To the extent that § 14-28-16, N.M.S.A. 1953, purports to allow the district court to zone land, it is void as an unconstitutional delegation of power to the judiciary, contravening art. III, § 1 of the New Mexico Constitution. The trial court had no authority to rezone the property to C-1.

Within the constitutional limits, § 14-28-16, N.M.S.A. 1953, is to be given effect. The extent of the trial court's review is set forth in Llano, Inc. v. Southern Union Gas Co., 75 N.M. 7, 399 P.2d 646, where it is stated:

"* * * [T]he questions to be answered by the court are questions of law and are restricted to whether the administrative body acted fraudulently, arbitrarily or capriciously, whether the order was supported by substantial evidence and, generally, whether the action of the *548 administrative body was within the scope of its authority. The district court may not substitute its judgment for that of the administrative body."

The petition in this case raised the question of whether the respondents' action was arbitrary. The trial court's review was limited to a determination of whether the respondents acted in an arbitrary manner in failing to rezone to C-1 and in imposing a condition to R-2 zoning. The issue as to arbitrariness in requiring a replat as a condition for R-2 zoning is not before us for decision since that portion of the injunction was not appealed. If the refusal to rezone to C-1 was not arbitrary, then the decision of the municipality is affirmed on that point. If the refusal was arbitrary, then the trial court must direct the respondents to take further action in connection with the zoning request.

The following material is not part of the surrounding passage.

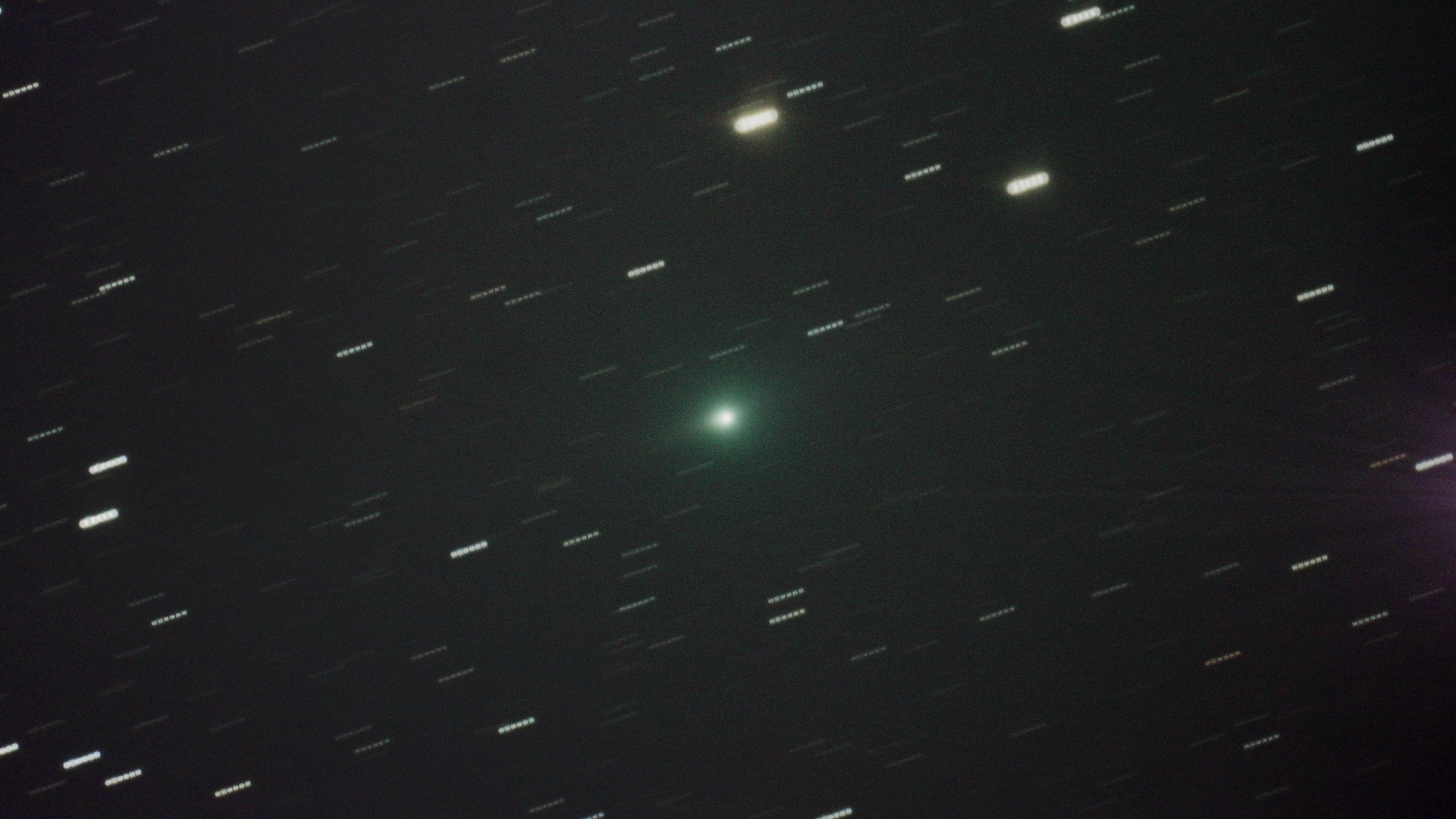 月光の影響の無い中で長めの撮影を考えていたのですが、ようやく総露出時間30分の撮影ができました。 緑のコマが写りました。今後は月光の影響が出てきますが、その前に撮影できました。 彗星の予報光度は10.3等。(ステラナビゲータ12の値) (投稿日:2025/12/03)

Determination of the question of arbitrariness is to be made from the record. Llano, Inc. v. Southern Union Gas Co., supra. Here the record is deficient. Section 14-28-16, N.M.S.A. 1953, provides that the return to the writ:

"* * * [S]hall concisely set forth such further facts as may be pertinent or material to show the grounds of the decision appealed from and shall be verified."

The statute thus provides for a record that shows on what grounds the decision was made. The return to the writ shows recommendations made by the planning department, the decision of the planning commission and the decision of the city commission. There is nothing in the return to the writ to show "the grounds of the decision appealed from."

Petitioners assert that if the trial court does not have authority to zone property then they have no practical relief. They point out that there is no dispute that R-1 zoning is arbitrary. Yet, the municipality refused their request to rezone to C-1. This argument fails to consider the action of the planning commission. That body recommended R-2 zoning, conditioned on a replat.

Under Corondoni v. City of Albuquerque, 72 N.M. 422, 384 P.2d 691, this recommendation of the planning commission was a decision which could be appealed to the city commission. The city commission did not reverse this recommendation. See § 14-28-15, N.M.S.A. 1953. Instead, it upheld the recommendation.

Thus, when the trial court issued its writ, this tract was zoned R-2, conditioned on a replat. Respondents did not appeal that portion of the trial court's judgment enjoining enforcement of the condition. Accordingly, that portion of the injunction is in effect. This results in the tract being presently zoned R-2 with no condition attached to that zoning.

The portion of the injunction pertaining to building permits is not within any issue raised by the proceedings, nor was it litigated. Not being within the issues, that part of the injunction pertaining to building permits is erroneous. Crawford v. Holcomb, 57 N.M. 691, 262 P.2d 782.

The judgment of the trial court is reversed. The cause is remanded with instructions to the trial court to set aside its judgment and (1) enter a new judgment enjoining respondents from enforcing the condition to R-2 zoning, (2) give respondents opportunity to amend their return to the writ and (3) from the record then presented decide whether denial of C-1 zoning was arbitrary as a matter of law.

It is so ordered.

CARMODY, C.J., NOBLE and COMPTON, JJ., and E.T. HENSLEY, Jr., C.J., Court of Appeals, concur.